To address these challenges, ensure just transitions and rights-based COVID-19 recovery, and achieve the Sustainable Development Goals (SDGs), it is imperative to mainstream business respect for human rights and strengthen corporate accountability for human rights abuses. International instruments such as the UNGPs and the ILO Tripartite Declaration of Principles concerning Multinational Enterprises and Social Policy (MNE Declaration) can guide all types of actors in this regard.
Against this context, the UNWG, the United Nations Development Programme (UNDP), and the International Labour Organization (ILO) are organising the 3rd UN South Asia Forum on Business and Human Rights on 28-30 March 2022. The Forum aims to facilitate a robust and multi-stakeholder dialogue that will foster joint action to prevent, mitigate and remediate business-related human rights abuses and advance the decent work agenda in South Asia.
The Forum will build on the 2nd UN South Asia Forum on Business and Human Rights, which was organised virtually on 17-19 March 2021 and brought together 1,500 participants from 89 countries. The 2021 Forum featured country-specific sessions to assess challenges and opportunities in Bangladesh, India, Nepal, Pakistan, and Sri Lanka. Stakeholders participating in these sessions elaborated national roadmaps to promote business respect for human rights. All of these sessions concluded that there is an urgent need to enforce existing human rights standards, including labour and environmental laws in order to eliminate the most serious abuses, including child and forced labour, to address specific business-related human rights challenges in the informal economy, to support businesses mainstreaming human rights due diligence throughout their operations, and to ensure access to effective remedy for victims. In addition to discussing thematic challenges and opportunities common to the entire sub-region, the 2022 Forum will provide space for country-specific dialogue and follow up, including on the business and human rights country- roadmaps outlined in 2021.
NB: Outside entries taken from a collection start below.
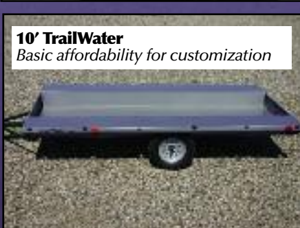
10' TrailWater Basic affordability for customization
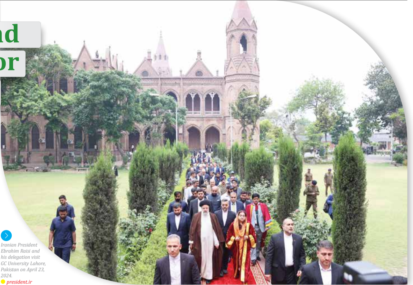
Iranian President Ebrahim Raisi and his delegation visit GC University Lahore, Pakistan on April 23, 2024.

ern claims of freedom of thought, citing instances of student expulsion for supporting oppressed causes such as Palestine. "What we see in practice is that a large number of students are expelled from the university (in the US) just for supporting the oppressed people of Gaza. Is this called freedom of thought!?" he said. He denounced Western hypocrisy in defending human rights while supporting actions that violate them, particularly in the case of Palestine. He expressed confidence in the eventual liberation of Palestine and Al-Quds, condemning Zionist aggression and emphasizing the solidarity of Iran and Pakistan in defending the oppressed. "We have no doubt that the resistance of the heroic nation of Palestine will liberate Gaza, Palestine and the Al-Quds. We have no doubt that the hatred that has been created in the Islamic world and the world of humanity towards the Zionists and Americans will become the revenge of the nations and the end of the Zionist regime and the end of this child-killing regime," the president noted. Pointing to Iran's recent retaliatory operation against the Israeli military targets, the president
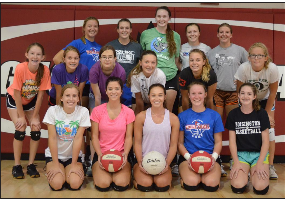
2017 Hoisington Lady Cardinal volleyball team
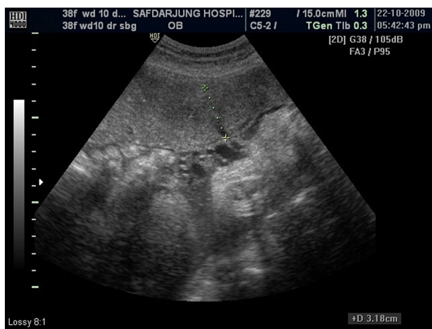
Fig. 1 Placental thickness in a pregnant woman at 32 weeks. The placental thickness is 31.8 mm which correlated with gestational age and biometric parameters

Thick placenta: placental thickness more than 95th percentile.
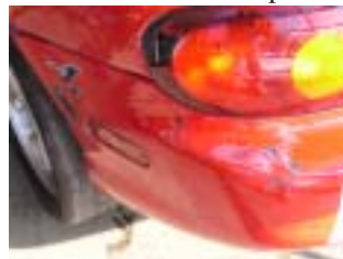
1) A look at the owie

Fast forward to February 2004. Time to fix the damage and there are several options. One is to take the car to a body shop and spend thousands of dollars. This isn't gonna happen. The odds are it's only going to be hit again. Option two is to fix it perfectly myself. Or, I could get out a sledge hammer, bang it from the inside trunk area and get it close to stock. This is the option I choose. While this technique won't win any awards at the Cavalcade of Wheels, it will look pretty decent up close and perfect from the stands! Follow the steps below.

The 3rd UN South Asia Forum will be organised in Dhaka, Bangladesh in a hybrid format over three days: 28-30 March 2022. Safe space sessions, which will be held under the Chatham House Rule and aim to facilitate conversation among specific stakeholder groups, will be organised on 28 March before the Forum's official opening on 29 March.
In addition, there will be some space for external partners to organise side events, workshops, consultations or meetings during the Forum. Those who are interested in organising such events should indicate their interest with a one-page concept note outlining the title, background, objectives, format, and proposed speakers latest by 9 February 2022.
A draft program of the Forum will be available in early March 2022. All the sessions will be live-streamed. Participants will be informed on how to join sessions after they have registered for the Forum.